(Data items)
*** Begin section ***

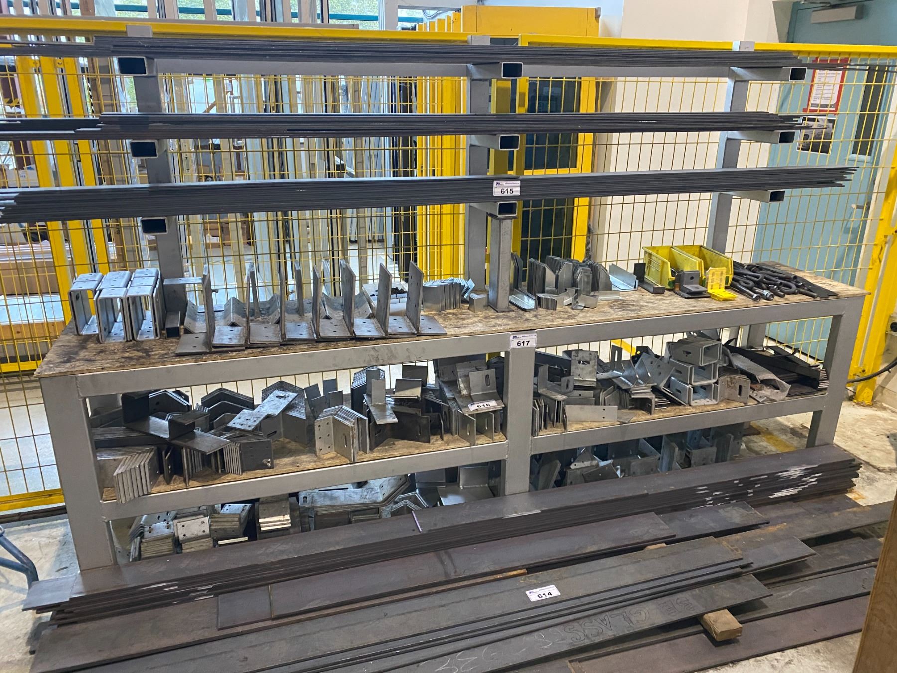 STEEL WORK BENCH, 10'W X 6'T X 22"D, 3 TIER STOCK RACK ON TOP
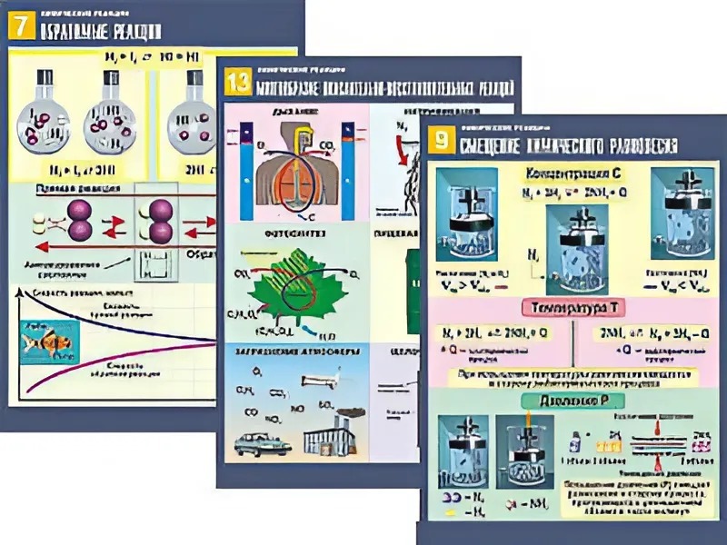 Главная Каталог Демонстрационные учебно-наглядные пособия Кабинет химии Комплект таблиц по химии демонстрационных "Химические реакции" (14 таблиц, формат А1, ламинированные)
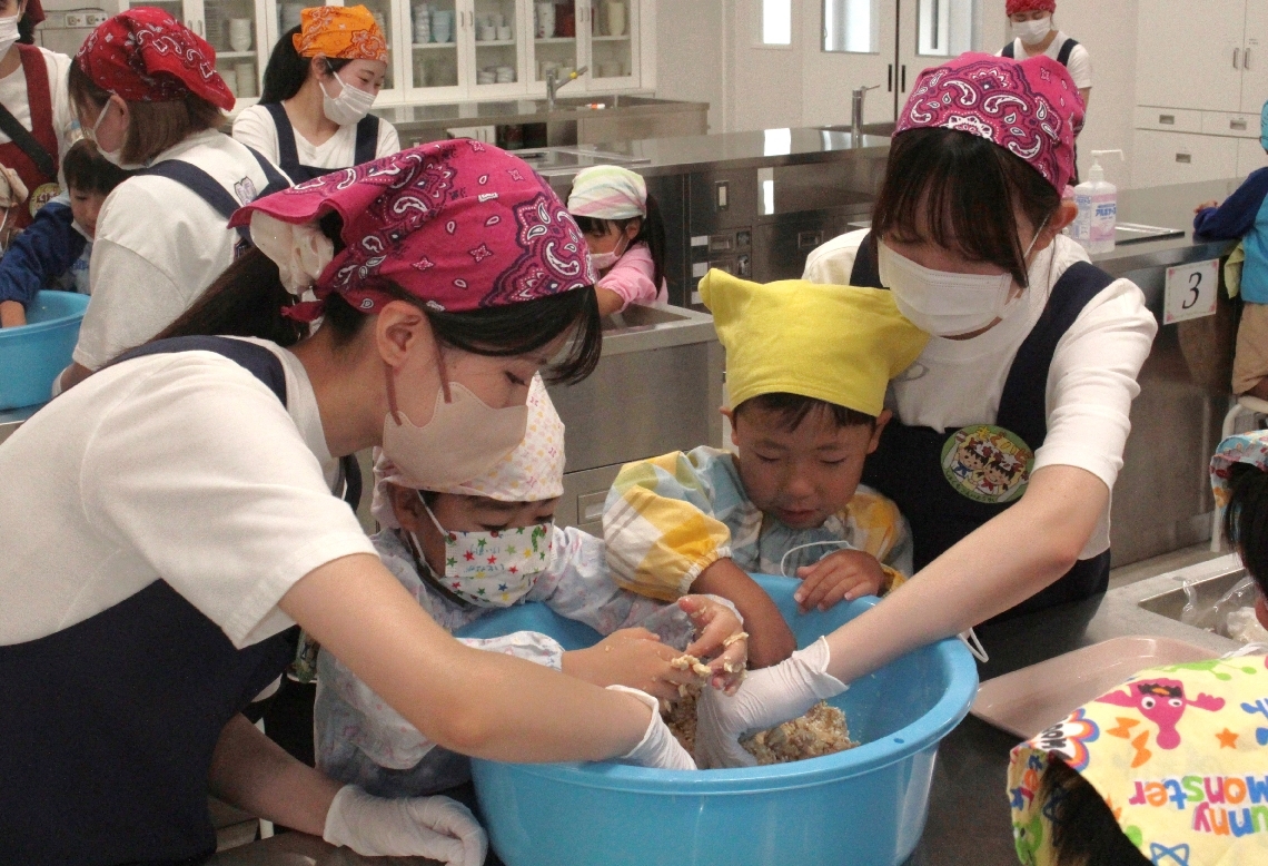別府大付属幼稚園の園児がみそ造りを体験別府大の学生から指...
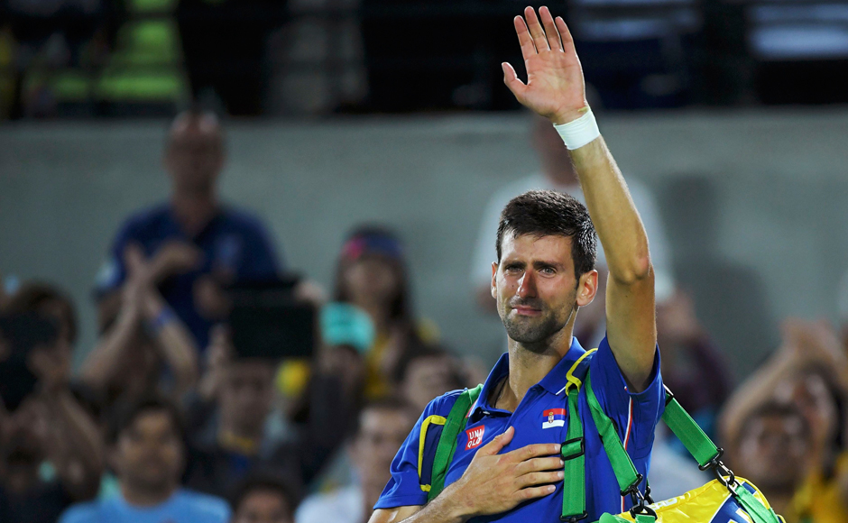 Serbia’s Novak Djokovic looks distraught as he was beaten by Argentina’s Juan Martin Del Potro in the first round of men’s singles. Reuters
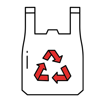 We receive clothing and stock in plastic bags, but we do not use any plastic bags in the office that are not recycled.
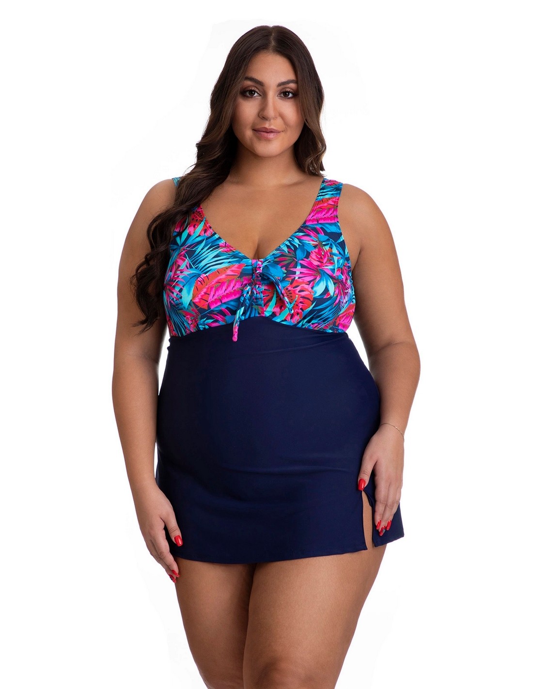 MODEL 5 Model 5 to jednoczęściowy strój kąpielowy a?la sukienka/tunika plażowa. Dolna część stroju (gładka) składa się z dwóch warstw ? pierwsza, przylegająca do sylwetki, to klasyczny jednoczęściowy kostium kąpielowy, natomiast druga, wierzchnia to doszyta warstwa Lycry imitująca sukienkę. Specjalna konstrukcja stroju modeluje sylwetkę, luźny krój spódnicy maskuje brzuch, a delikatny rozporek dodaje elegancji. Górna część stroju uszyta została z drukowanego materiału przez co podkreśla dekolt, ozdobne wiązanie między piersiami. Miski usztywniane delikatną pianką pięknie eksponują piersi, a gumka stabilizująca wszyta pod miskami pozwala na lepsze podtrzymanie, nawet dużego, biustu podczas letnich aktywności. Szerokie ramiączka zapewnią komfort podczas noszenia i nie będą wpijać się w ramiona. Zabudowany tył zakrywa pośladki, co sprawi, że zawsze będziesz czuć się komfortowo i wygodnie! Ten kostium dedykowany jest głownie dla Pań szukających strojów z kolekcji Plus Size, ale idealnie sprawdzi się zarówno dla kobiet w ciąży (pomieści i zakryje ciążowy brzuszek).
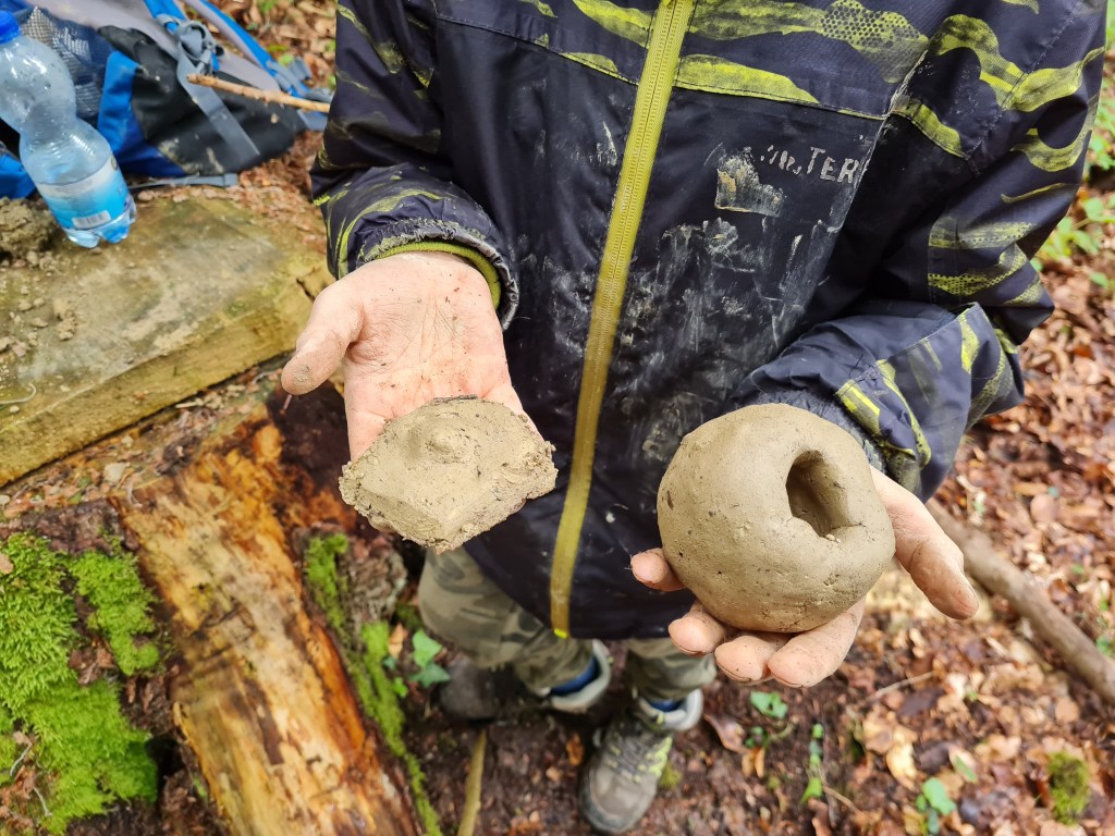 Auf der höchsten Ebene im Wald angekommen haben wir wie immer grilliert und den Bestand der mitgebrachten Cervelats auf ein gesundes Mass reduziert. Dort fiel uns der viele Lehm auf, deshalb haben wir uns noch im Töpfern versucht. Harry Potter wäre stolz! (engl.: to make pottery = töpfern) 😉

*** End section ***

What is needed:
Find the line that contains "Serbia’s Novak Djokovic", then write out that line and each one after it, exactly and with nothing else, through the end of the entries above, without the pictures.

Task result:
 Serbia’s Novak Djokovic looks distraught as he was beaten by Argentina’s Juan Martin Del Potro in the first round of men’s singles. Reuters
 We receive clothing and stock in plastic bags, but we do not use any plastic bags in the office that are not recycled.
 MODEL 5 Model 5 to jednoczęściowy strój kąpielowy a?la sukienka/tunika plażowa. Dolna część stroju (gładka) składa się z dwóch warstw ? pierwsza, przylegająca do sylwetki, to klasyczny jednoczęściowy kostium kąpielowy, natomiast druga, wierzchnia to doszyta warstwa Lycry imitująca sukienkę. Specjalna konstrukcja stroju modeluje sylwetkę, luźny krój spódnicy maskuje brzuch, a delikatny rozporek dodaje elegancji. Górna część stroju uszyta została z drukowanego materiału przez co podkreśla dekolt, ozdobne wiązanie między piersiami. Miski usztywniane delikatną pianką pięknie eksponują piersi, a gumka stabilizująca wszyta pod miskami pozwala na lepsze podtrzymanie, nawet dużego, biustu podczas letnich aktywności. Szerokie ramiączka zapewnią komfort podczas noszenia i nie będą wpijać się w ramiona. Zabudowany tył zakrywa pośladki, co sprawi, że zawsze będziesz czuć się komfortowo i wygodnie! Ten kostium dedykowany jest głownie dla Pań szukających strojów z kolekcji Plus Size, ale idealnie sprawdzi się zarówno dla kobiet w ciąży (pomieści i zakryje ciążowy brzuszek).
 Auf der höchsten Ebene im Wald angekommen haben wir wie immer grilliert und den Bestand der mitgebrachten Cervelats auf ein gesundes Mass reduziert. Dort fiel uns der viele Lehm auf, deshalb haben wir uns noch im Töpfern versucht. Harry Potter wäre stolz! (engl.: to make pottery = töpfern) 😉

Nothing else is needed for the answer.